A rocket is launched into the air verically is tracked by a radar station on the ground 3 km from the launch site. What is the veritcal speed of the rocket at the instant when the distance from the radar station is 5 km and this distance is increasing at a rate of 5 000km/hr ???
The height of the rocket at that time is sqrt (5^2 - 3^2) = 4 km
Let x = distance to the rocket and h = height.
x^2 = h^2 + 9
2x dx/dt = 2h dh/dt
10 * 5000 = 8 * dh/dt
dh/dt = vertical speed = 50,000/8 = 6250 km/hr
To determine the vertical speed of the rocket at the instant when the distance from the radar station is 5 km, we can use the given information about the rate at which the distance is increasing.

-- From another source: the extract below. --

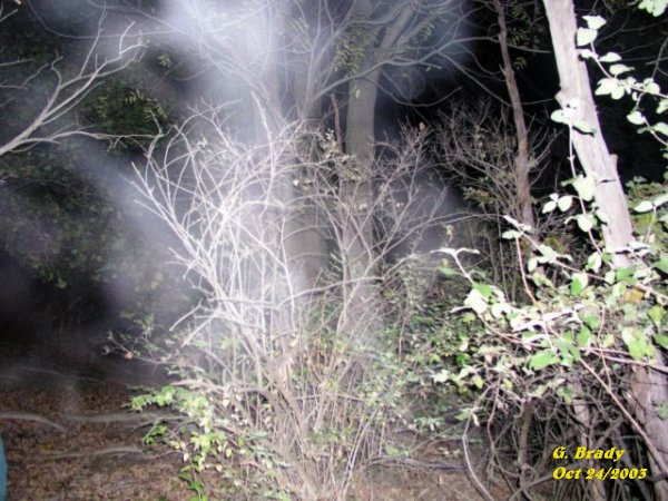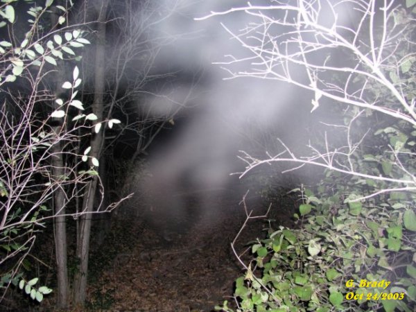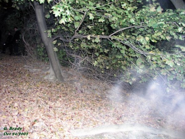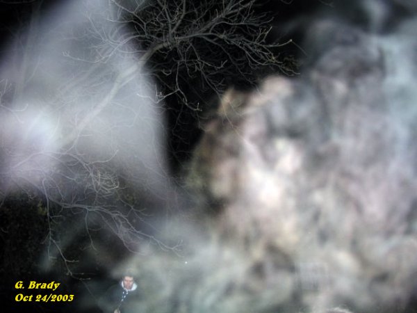 ![]() ![]() I took this picture about ten minutes later, in the same area, and caught some very strong activity. ![]() Looking at this photo for a minute or so, you can see an image of a man that seems to be falling backwards. ![]() This was an interesting shot of an energy form that seemed to be coming from the small tree to my left. ![]() At this point we started to go up a steep trail that led up to the back of the castle. Cathy being ahead of me, as seen in the picture, shows an energy form attaching itself to her as she made her way up the trail. ![]() The ecto mist that was forming to the right of this picture with Chad just up ahead on the trail, almost looks as if the mist had a face within it. ![]() At this point I was halfway up the trail when I captured this energy form just to my right. ![]() June/2003 Oct 24/2003 (1) Oct 24/2003 (2) Oct 24/2003 (3)

First, let's derive the relationship between the distance and height of the rocket. We can use the Pythagorean theorem to find the height of the rocket at that time:
x^2 = h^2 + 9
Here, x represents the distance to the rocket and h represents the height. In this case, x = 5 km and h = sqrt(5^2 - 3^2) = 4 km.
Now, let's differentiate the equation with respect to time t to find the rates of change:
2x * dx/dt = 2h * dh/dt
Since we want to find the vertical speed of the rocket (dh/dt), let's focus on that term. We know that dx/dt (the rate at which the distance is increasing) is 5000 km/hr.
So, we have:
2 * 5 * 5000 = 2 * 4 * dh/dt
Simplifying the equation:
10000 = 8 * dh/dt
Finally, solve for dh/dt, which represents the vertical speed of the rocket:
dh/dt = 10000 / 8 = 6250 km/hr
Therefore, the vertical speed of the rocket at the instant when the distance from the radar station is 5 km, and this distance is increasing at a rate of 5000 km/hr, is 6250 km/hr.